Work item:
Below are lines of data; restate word for word those running from the line containing "- Set comprises: 2" to the line containing "As the ceremony", inclusive, and no others.

==== Records to process ====

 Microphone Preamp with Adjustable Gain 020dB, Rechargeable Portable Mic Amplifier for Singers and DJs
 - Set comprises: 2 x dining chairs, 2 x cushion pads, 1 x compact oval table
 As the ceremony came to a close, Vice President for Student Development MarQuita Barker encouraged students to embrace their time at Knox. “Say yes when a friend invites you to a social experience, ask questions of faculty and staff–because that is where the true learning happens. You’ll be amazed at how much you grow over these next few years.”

====
==== Records to process ====

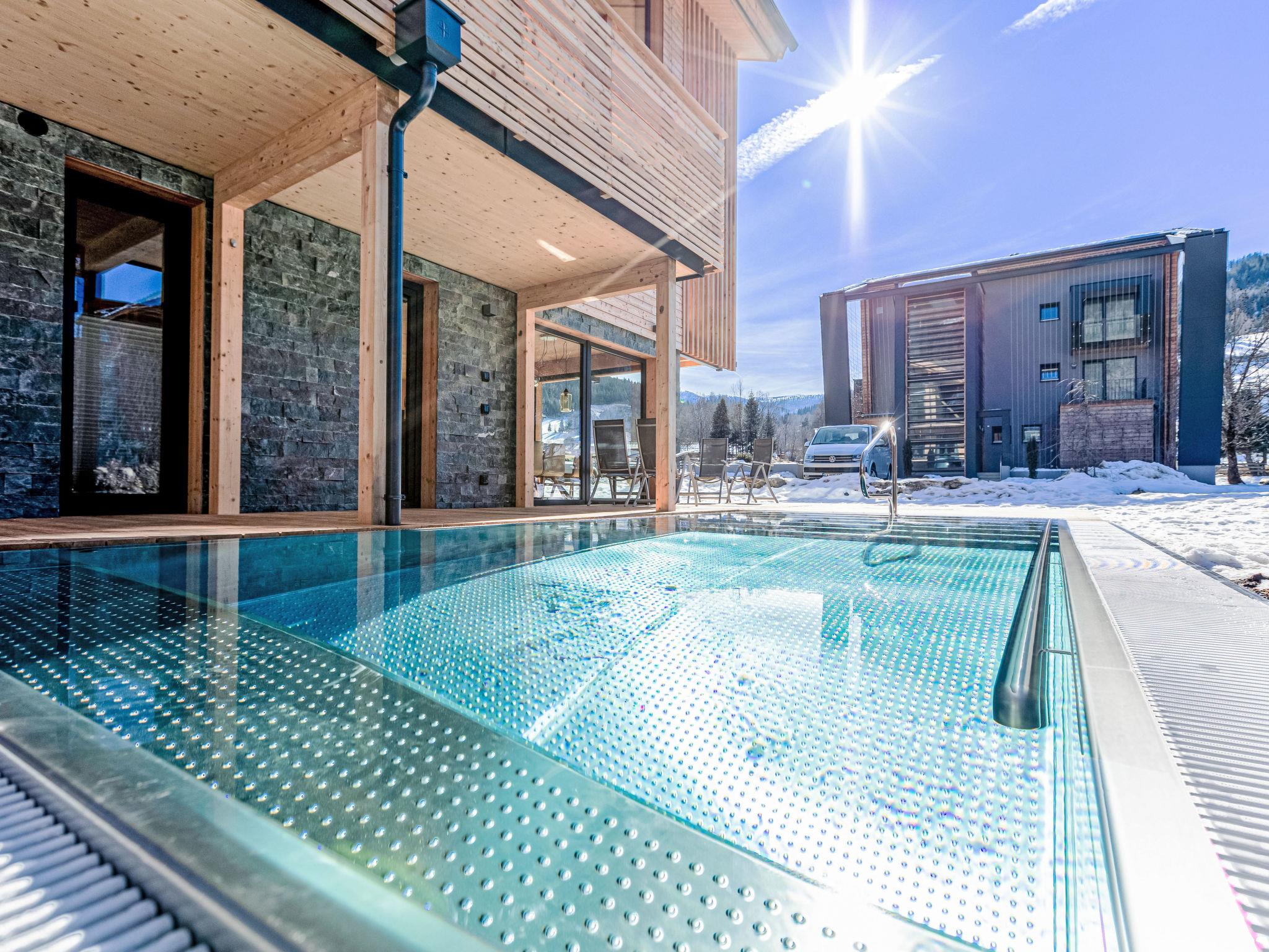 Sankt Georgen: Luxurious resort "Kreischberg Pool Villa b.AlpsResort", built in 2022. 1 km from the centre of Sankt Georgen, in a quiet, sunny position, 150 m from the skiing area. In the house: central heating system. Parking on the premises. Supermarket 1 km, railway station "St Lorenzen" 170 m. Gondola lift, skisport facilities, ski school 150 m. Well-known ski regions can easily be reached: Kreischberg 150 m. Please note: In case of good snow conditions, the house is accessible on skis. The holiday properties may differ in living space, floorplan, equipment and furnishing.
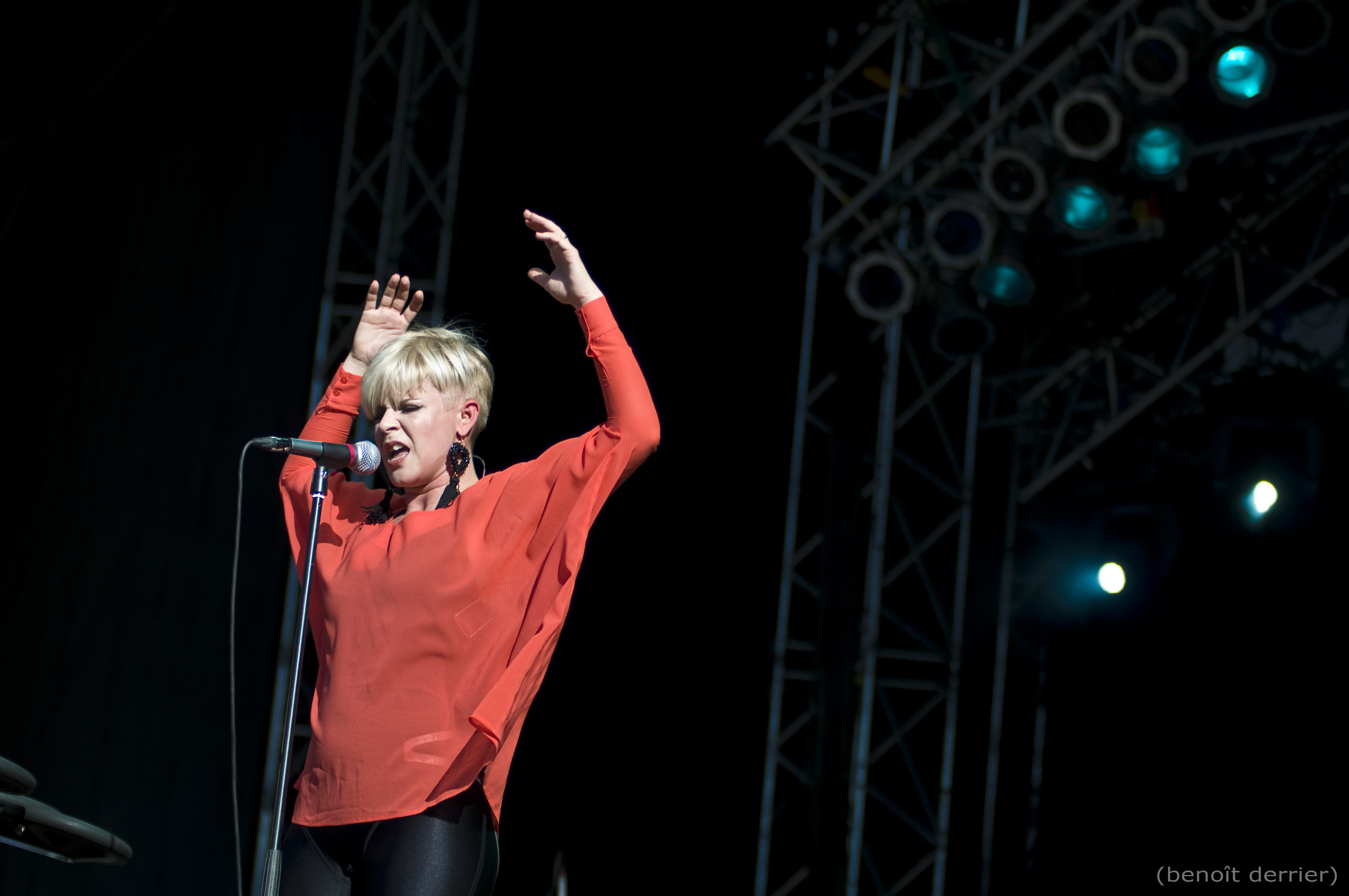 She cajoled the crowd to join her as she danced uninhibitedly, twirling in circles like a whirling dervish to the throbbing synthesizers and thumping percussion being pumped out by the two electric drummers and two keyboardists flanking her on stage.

====

Task solution:
 - Set comprises: 2 x dining chairs, 2 x cushion pads, 1 x compact oval table
 As the ceremony came to a close, Vice President for Student Development MarQuita Barker encouraged students to embrace their time at Knox. “Say yes when a friend invites you to a social experience, ask questions of faculty and staff–because that is where the true learning happens. You’ll be amazed at how much you grow over these next few years.”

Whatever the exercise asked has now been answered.